The organization’s Shareholders Farming Program lets farmers access 15 acres of land and a year-round 2,200-square-foot greenhouse to grow their food. Crops can then be sold at the farmers market, and a percentage is also distributed to local food banks. The crops include vegetables, fruits and herbs that can’t be found in local grocery stores, including specialties like teff seeds and hibiscus flowers.
In 2022, partway through the growing season, the organization’s storage unit was burglarized and the market supplies were stolen, “threatening to dismantle” all the hard work that has been done to date, according to the grant application.
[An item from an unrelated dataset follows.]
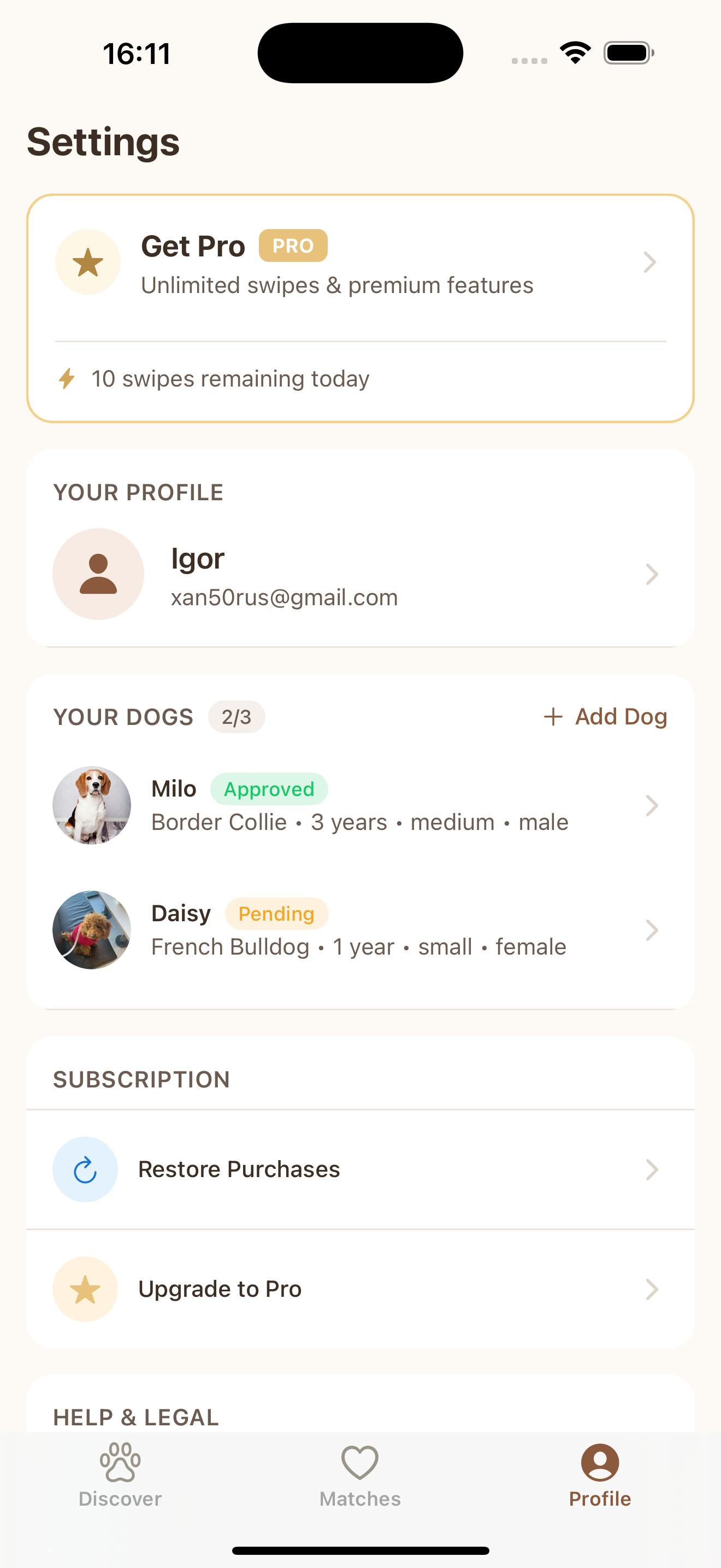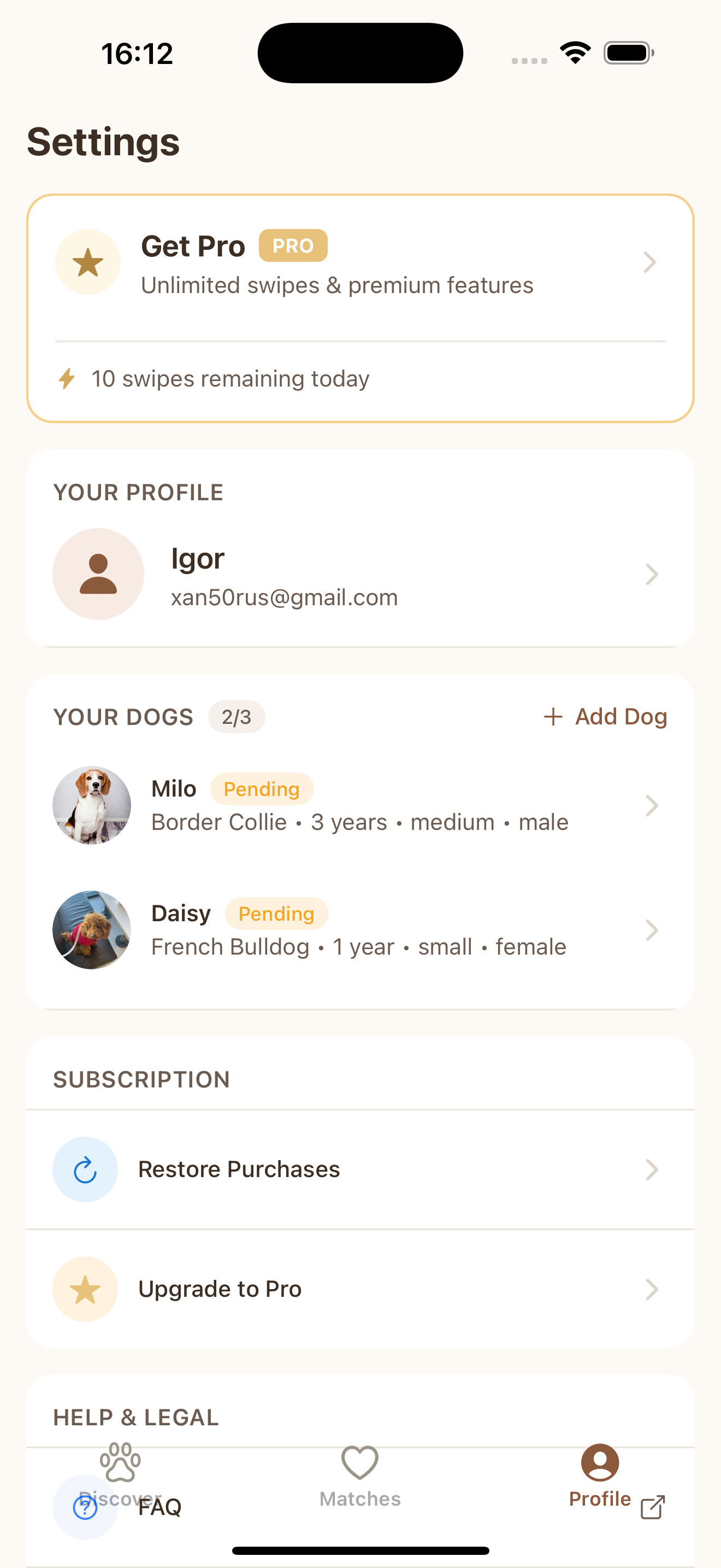 Yes. You can manage multiple dogs in one account: up to 3 dogs on the free plan and up to 6 dogs on Pro. Each dog has its own profile, photos, preferences, and matches, and you can switch between them anytime.
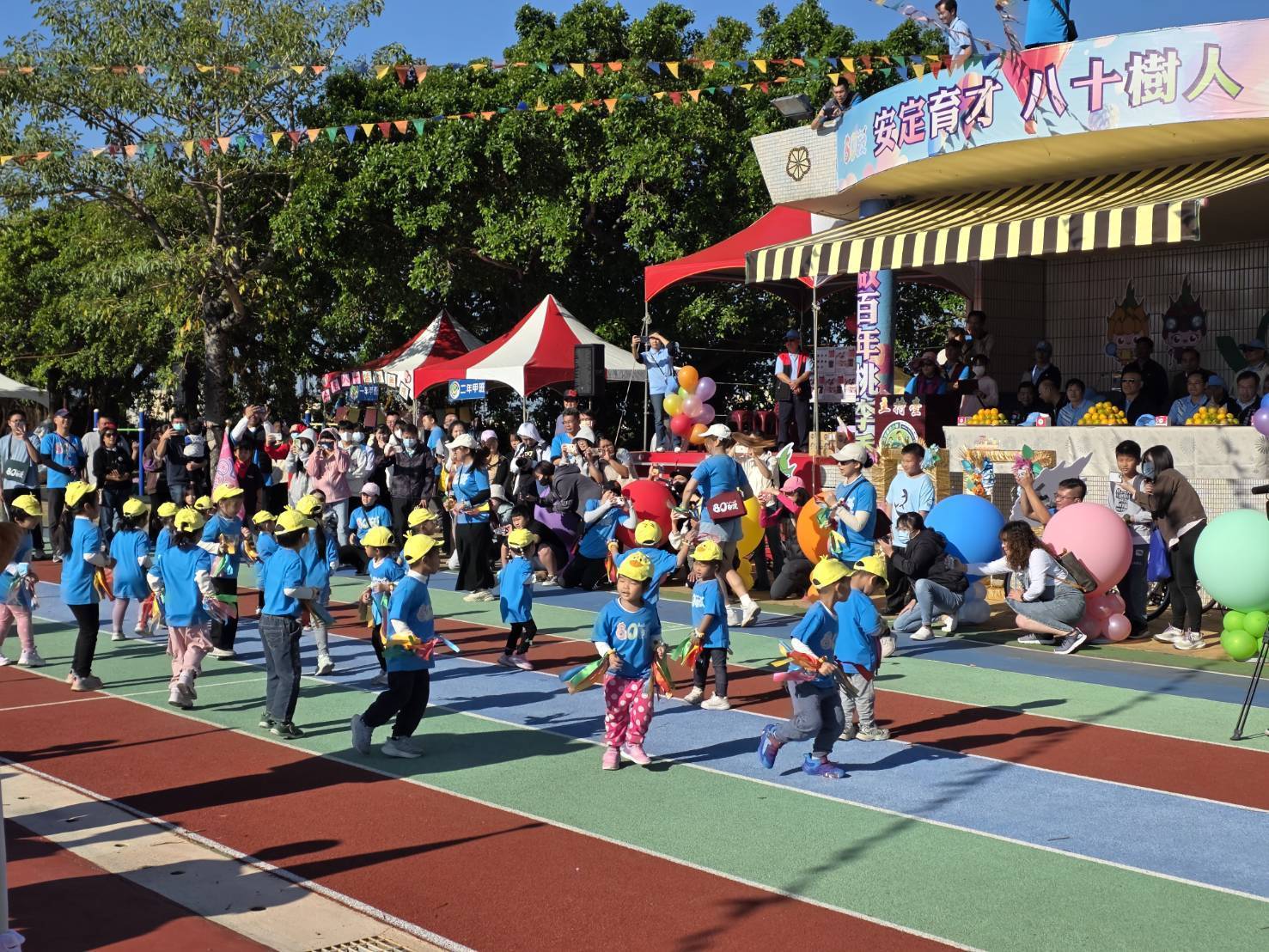 台中市外埔區安定國小創校80週年校慶今(6)日熱鬧登場,教育局副局長郭明洲到場祝賀,與全校師生共切幼兒園精心準備的生日蛋糕,歡慶80週年校慶。

The PCC grant helped buy a storage shed and replenish the supplies for future years.
In the chilly Northwest winters, there are only so many months when it’s practical to grow food.
With the help of a PCC grant, Solid Ground hopes to extend that growing season on its plot at Marra Farm (see “Harvesting Skills, Community—and Crops—On a Rare Historic Farm”), a historic site for agriculture. For more than 26 years the organization has tended a Giving Garden providing fresh produce to people and organizations in its South Park neighborhood, including Providence Regina Food Bank and the South Park Senior Center, as well as a recent “Food Farmacia” project benefiting patients at the Sea Mar South Park Health Clinic and other partnerships.
The nonprofit plans to install a greenhouse on its plot to extend its growing season, allowing it to plant starts earlier and protect seedlings from harsh weather. In addition to providing nutritious food, it’s a way to bring the community together through education, cultural learning and belonging.
South King County Food Coalition
The 12 food banks that make up the South King County Food Coalition find many ways to provide fresh, local fruits and vegetables to a population “often priced out of supporting and influencing their local food economy.” Serving more than 25,000 different families per year, the coalition’s efforts include operating a farm on a former golf course and contracting with local farmers to buy fresh produce.
With a PCC grant, the coalition is planning seed lockers for each participating food bank that will contain seed libraries—enough seeds to support 50+ families who want to grow their own produce at home, along with gardening books and other resources. “The resource guide will be designed to encourage environmental stewardship at all scales, from apartment patios to a startup homestead farm,” the application said.
Not all families will want to grow their own food, the organization acknowledged. But the opportunity for clients to “define their own food standards” is significant—to choose which plants they would like to grow, and to do so without risking money or resources that could otherwise have been used for groceries. The food banks operate in a region where many people don’t live near a grocery store, and “families cope by substituting cheaper, processed foods” for fruits and vegetables. Providing free access to the resources needed to grow food at home, the application said, is “one method of acknowledging some of the systemic inequities impacting food security.”